Not because I want more money. Not because I want to impress anyone. Because I refuse to waste the one life I was given.
The average person dies at 25 and gets buried at 75.
They spend 40 years in jobs they hate, saving for retirements they'll be too tired to enjoy, waiting for "someday" while their dreams suffocate under the weight of comfort and excuses.
Here's what terrifies me about the average life:
You wake up at 65 and realize you spent your entire existence optimizing for other people's definitions of success.
You followed the script society wrote for you:
→ Get good grades
→ Get a safe job
→ Buy the house
→ Save for retirement
→ Die with regrets
But nobody asks the question that matters most:
"What story will they tell about how you lived?"
The average person's obituary reads like a checklist:
- Survived by spouse and children
- Worked 30 years at the same company
- Enjoyed golf and reading
- Services will be held Tuesday
I want mine to read like an adventure novel.

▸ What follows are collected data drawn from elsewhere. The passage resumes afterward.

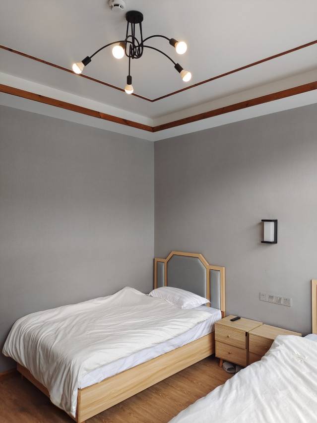 酒店是新中式风格的,中央空调,空气能,wifi,可以唱歌,打麻将,位于诗人小镇内,旁边是停车场,可以停大巴。
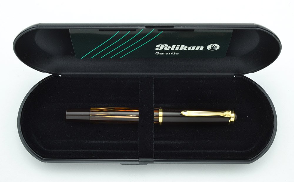 Manufacturer and Year Pelikan, Germany. Between 1992 and 1997. (There are three different brown tortoise 400s, and this is the second style from the 1990s. 1950s brown tortoise 400s had vertical feed fins and a different looking nib. The ones made after 1997 had two gold rings on the barrel.)
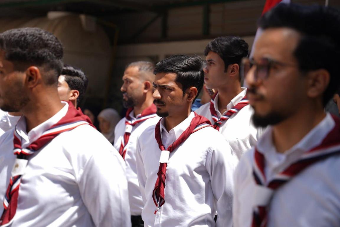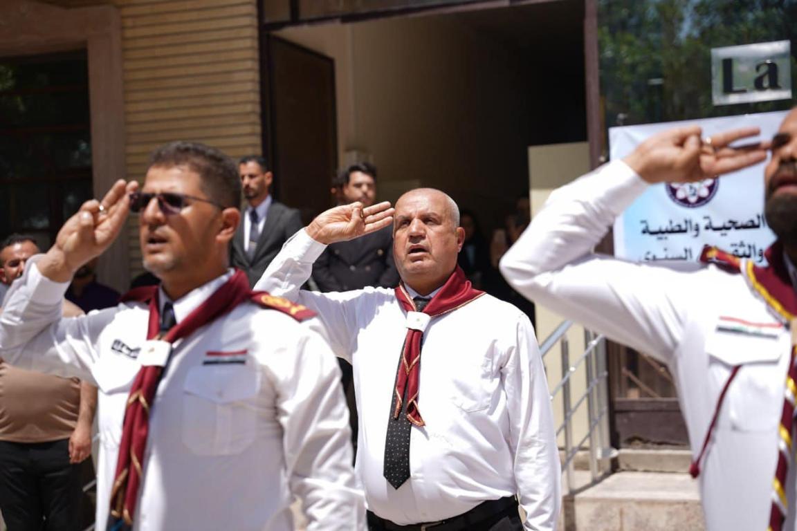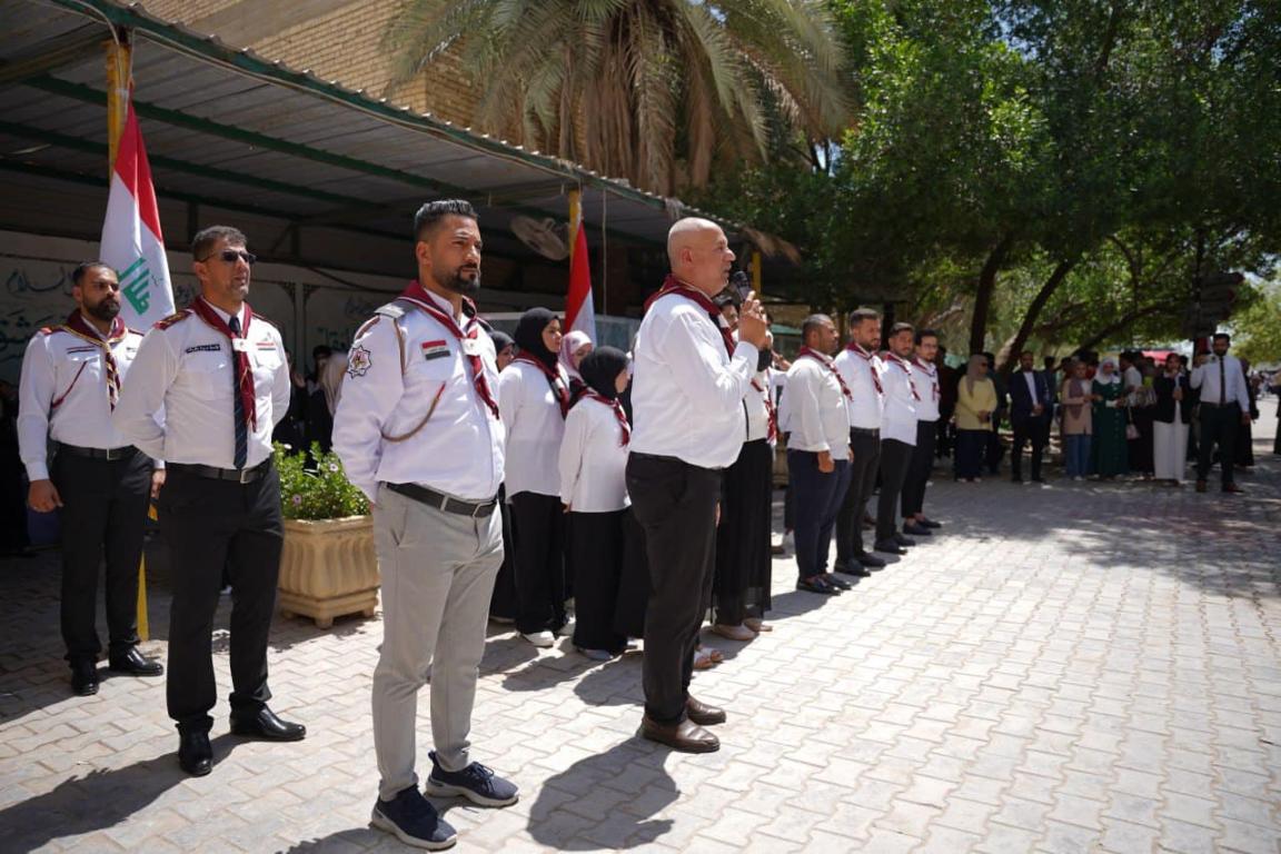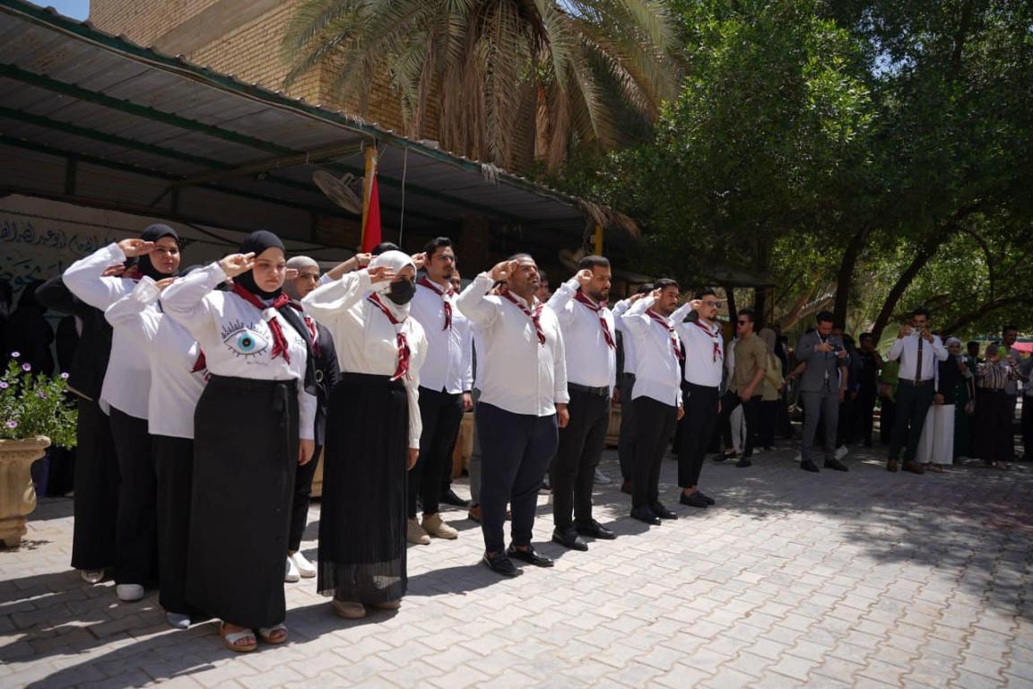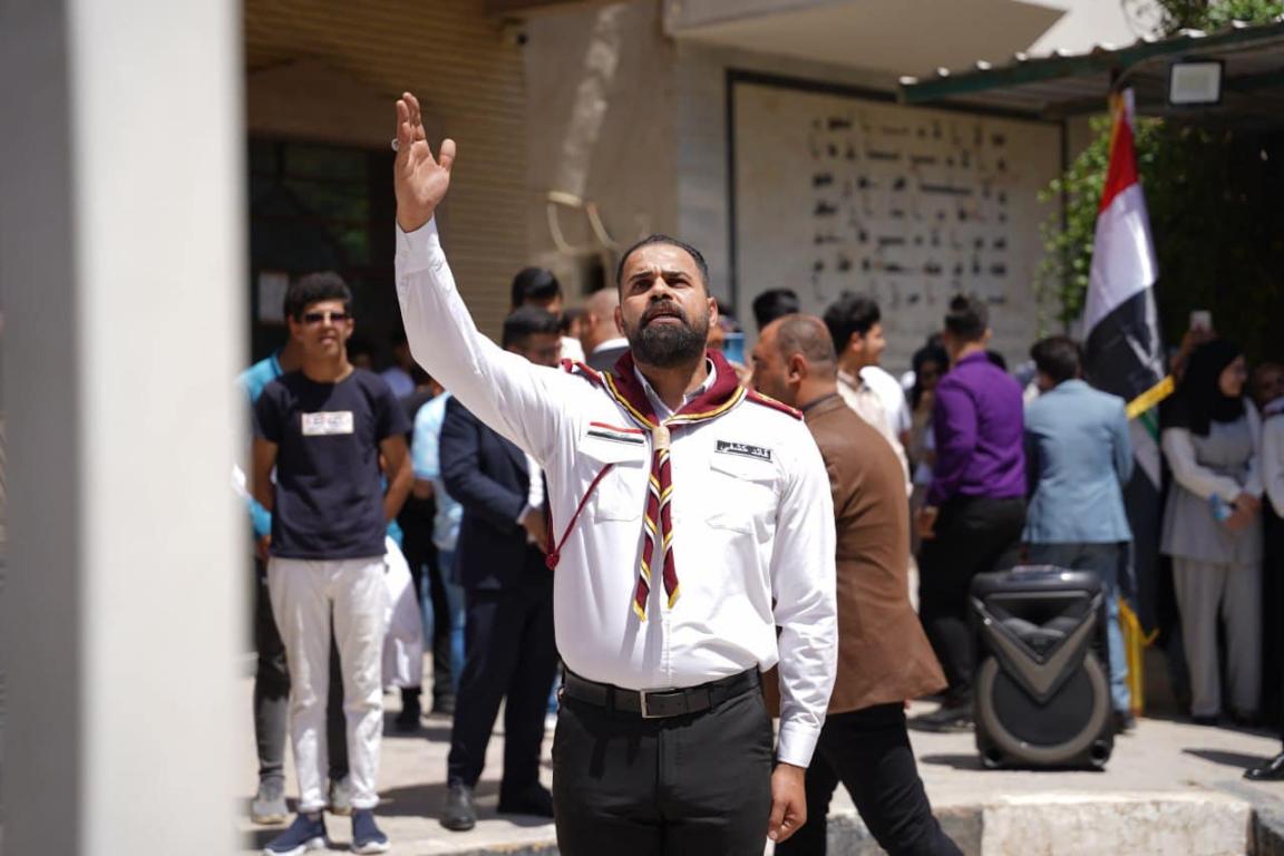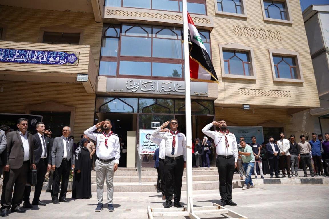 مراسيم رفع العلم العراقي إيذانا ببدء فعاليات كلية التربية البدنية وعلوم الرياضة
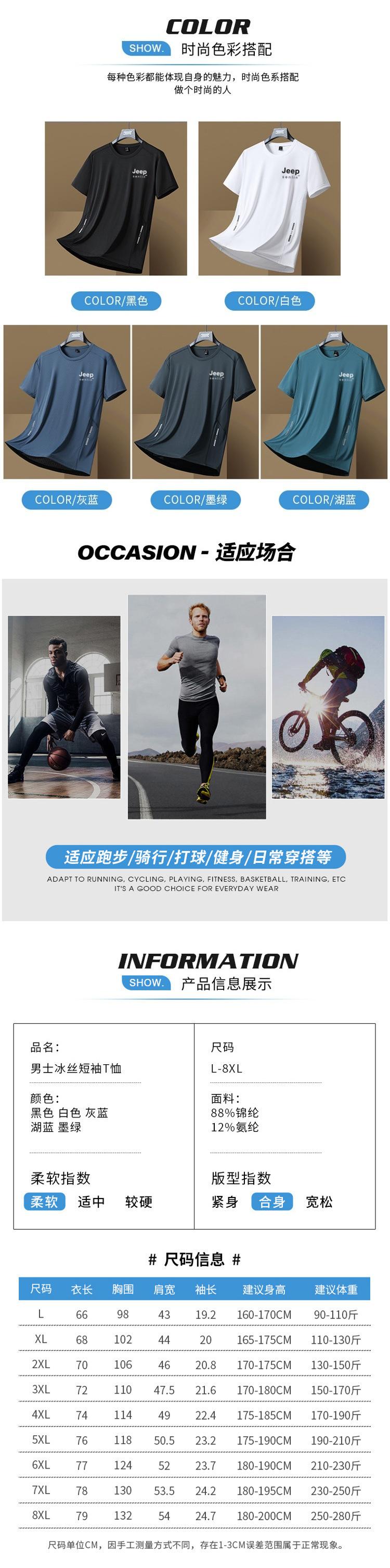 Camiseta de Verano de Manga Corta de Seda de Hielo, Deportiva, Holgada, Delgada, de Secado Rápido, Transpirable, Casual, Talla Extra, Hombre Gordo
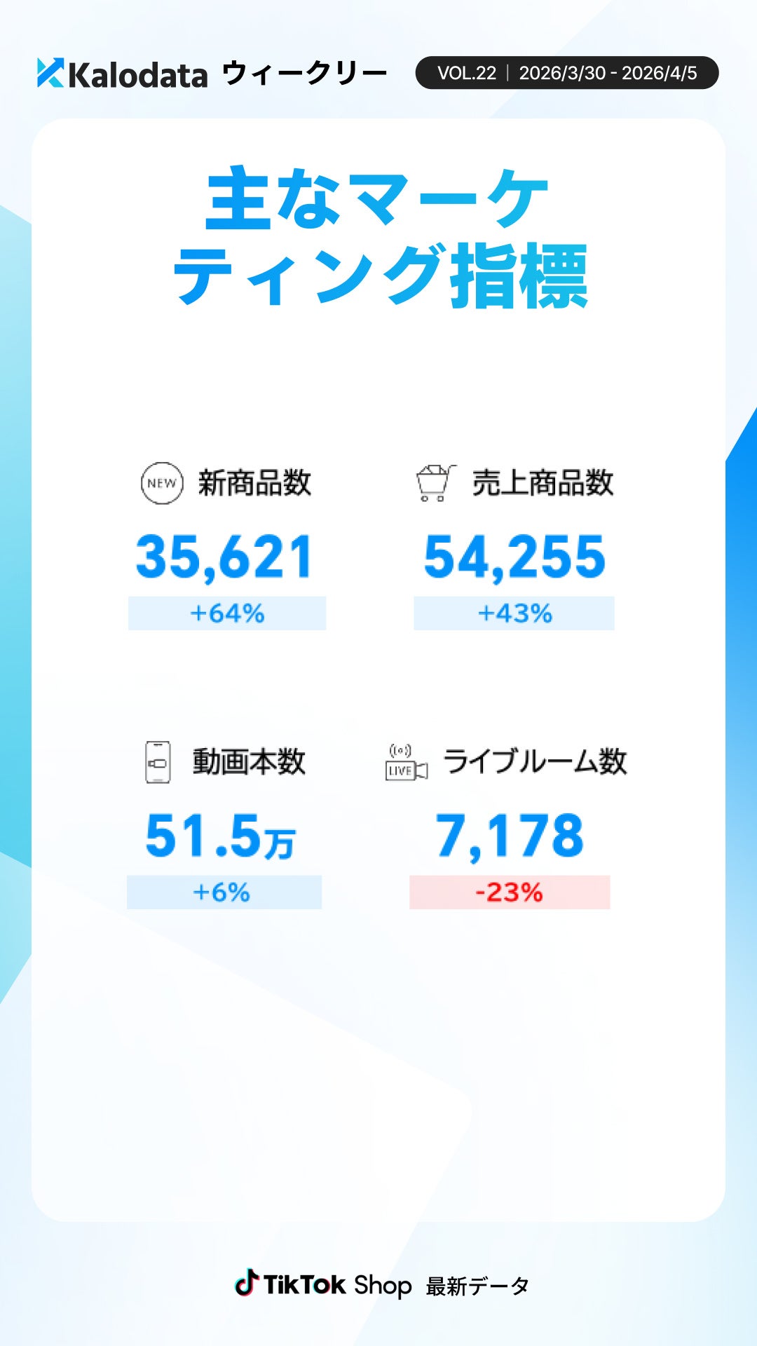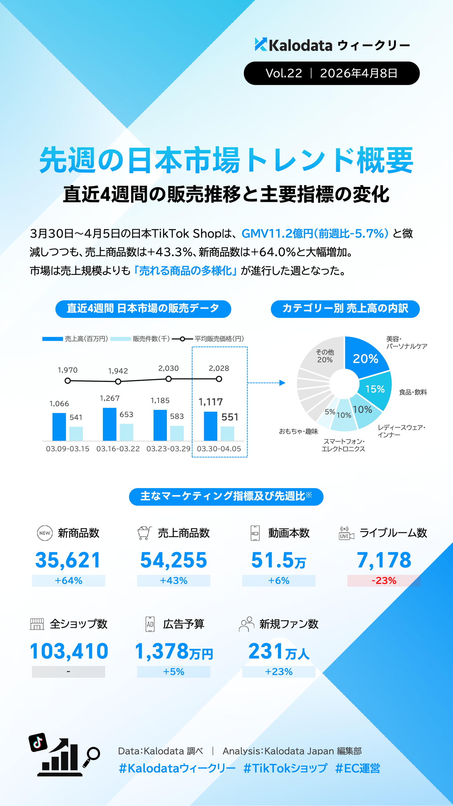 【Kalodataウィークリー】日本TikTok Shop市場、「売れる商品数」が+43%増加 分散型マーケットへの転換が加速(3月30日週)
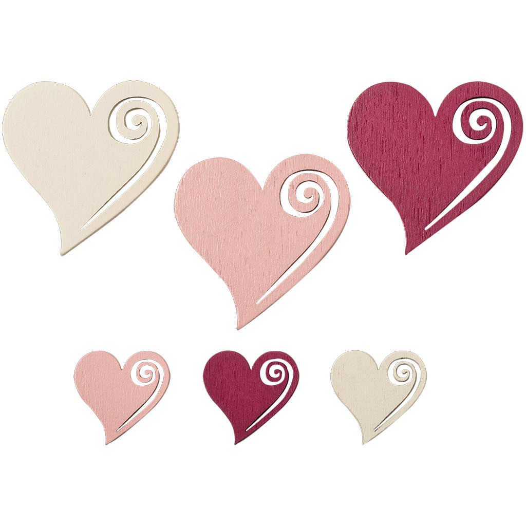 Trädekorationer i form av hjärtan, färgade i rött, rosa och creme. Levereras i box med två olika storlekar. Totalt 54 st hjärtan. Limmas fast på handgjorda kort, albumlayouter, presenter och gåvor m.m.
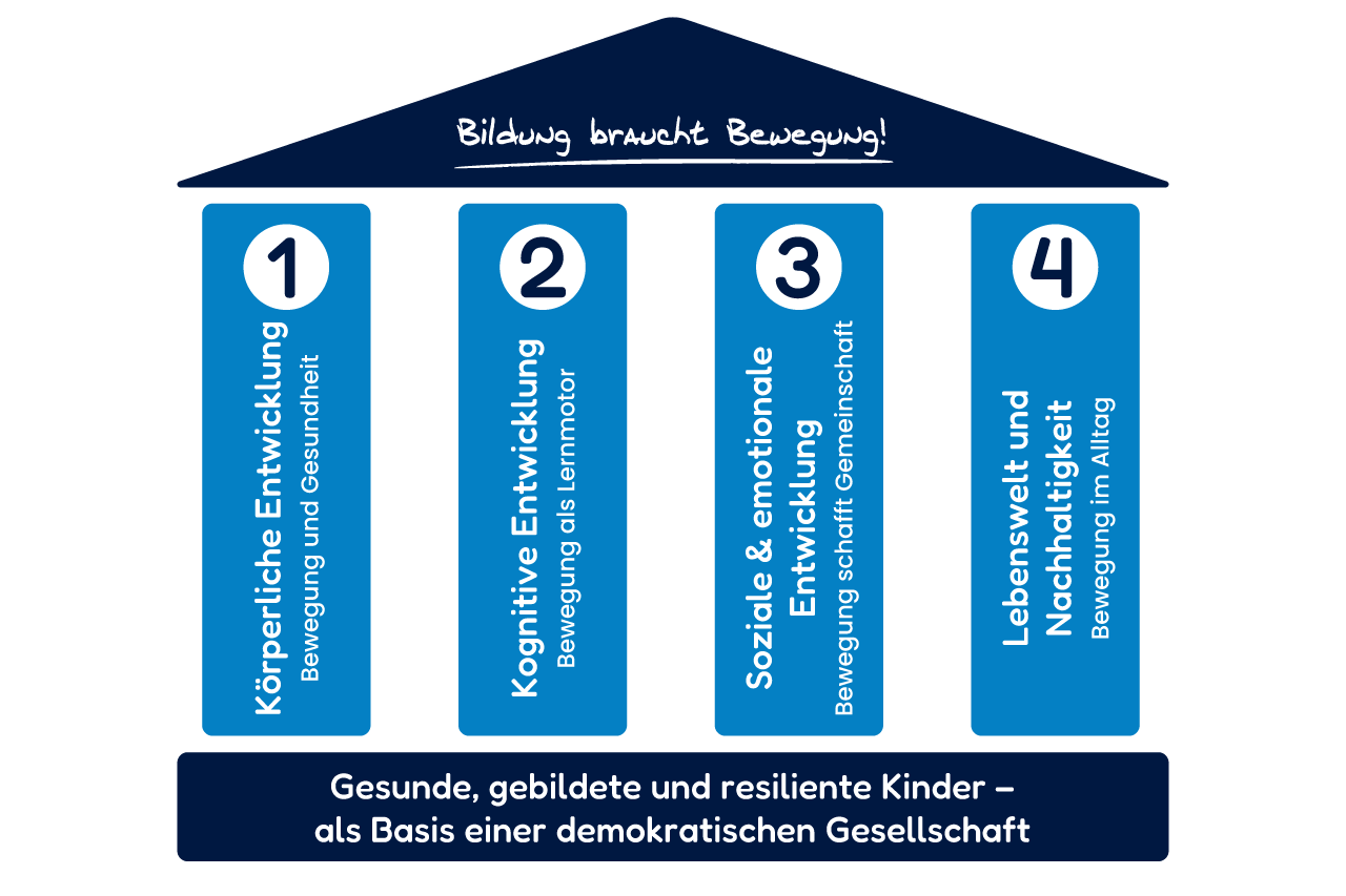 Bewegung ist die Basis eines gesunden und glücklichen Aufwachsens. Sie stärkt Körper, Geist und Seele, unterstützt das Lernen und hilft Kindern, sich selbst und ihre Umwelt zu begreifen.
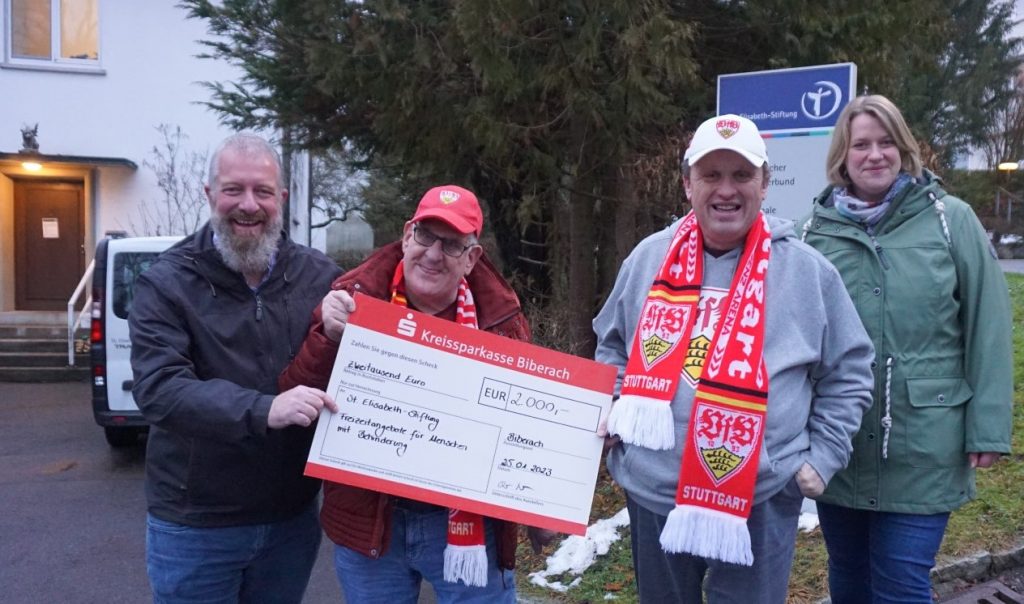 Karl-Alexander Kleinheinz und Paul Moll von der Wohngemeinschaft Simon im Jordanbad haben den symbolischen Scheck zusammen mit Anna Weber, der Leiterin Fundraising und Fördermanagement der St. Elisabeth-Stiftung, bekommen. Vielleicht klappt´s ja mit einer Fahrt zum VfB.
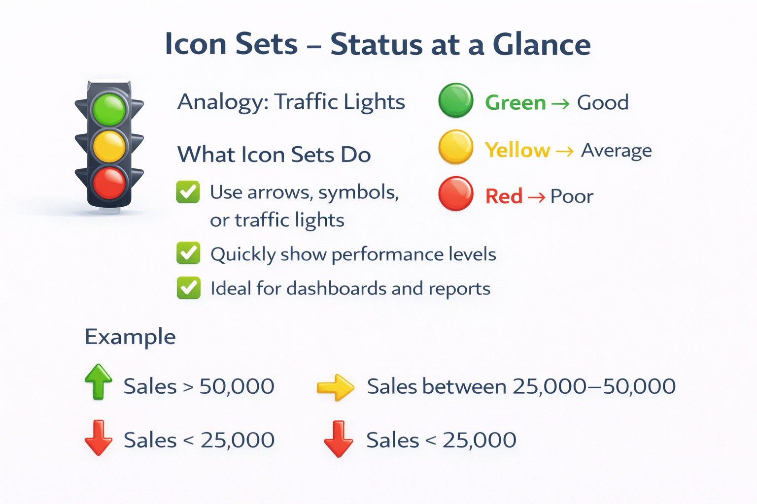 Use arrows, symbols, or traffic lights
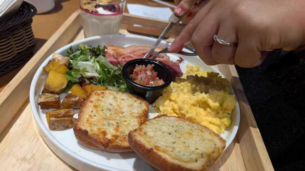 The Wyndham lounge overlooks an outdoor courtyard with shaded couches with a view of the lake. On our first day, we grabbed the desserts and tried to walk out to the courtyard but the glass door was locked. I was unlocking the door when the hotel staff caught me and told us that we were not allowed to open that door. Once we were done eating, however, we could walk out of the lounge and enter the courtyard through a side door. This is because the courtyard is open to all hotel guests I think.

Because here's the brutal truth nobody wants to face:
The clock is ticking for all of us.
While you're worried about what people think, your life is disappearing one ordinary day at a time.
While you're playing it safe, your potential is dying of neglect.
While you're waiting for permission, your dreams are suffocating under the weight of "realistic"
expectations.
I've watched too many people:
- Postpone their dreams until they had "enough" money (they never did)
- Stay in relationships that drained their souls because it was "comfortable"
- Choose security over significance and wonder why they felt empty
- Build lives that looked successful from the outside but felt hollow from within
- Die with their music still inside them
The average person spends:
- 13 years in education preparing for life
- 40+ years working for someone else's dreams
- 16+ years sleeping their life away
- Maybe 10 years truly living (if they're lucky)
Do the math.
You get roughly 4,000 weeks on this planet.
How many of them are you willing to sacrifice to average?
I refuse to be the person who:
- Waits until tomorrow to start living authentically
- Chooses comfort over growth because change is scary
- Dies wondering "what if" instead of knowing "what was"
- Leaves this world the same as when I entered it
- Settles for a life that fits someone else's expectations
The difference between average and extraordinary isn't talent.
It's the willingness to disappoint people.
Average people need everyone to approve of their choices.
Extraordinary people need only themselves to approve of their story.
Average people ask: "What will they think?"
Extraordinary people ask:"What will I regret not trying?"
This isn't about business. This isn't about money.
This is about the fundamental question of human existence:
Will you spend your brief time here as an extra in someone else's movie, or as the hero of your own story?
Every day you choose:
- Comfort or courage
- Approval or authenticity
- Safety or significance
- Their expectations or your dreams
- A life lived or a life wasted
I choose to disappoint the right people rather than disappoint myself.
I choose to fail at my own dreams rather than succeed at someone else's.
I choose to be misunderstood by many rather than understood by none.
I choose to live one life fully rather than many lives partially.
The question isn't whether you're capable of more.
The question is whether you're willing to disappoint people to discover how much more.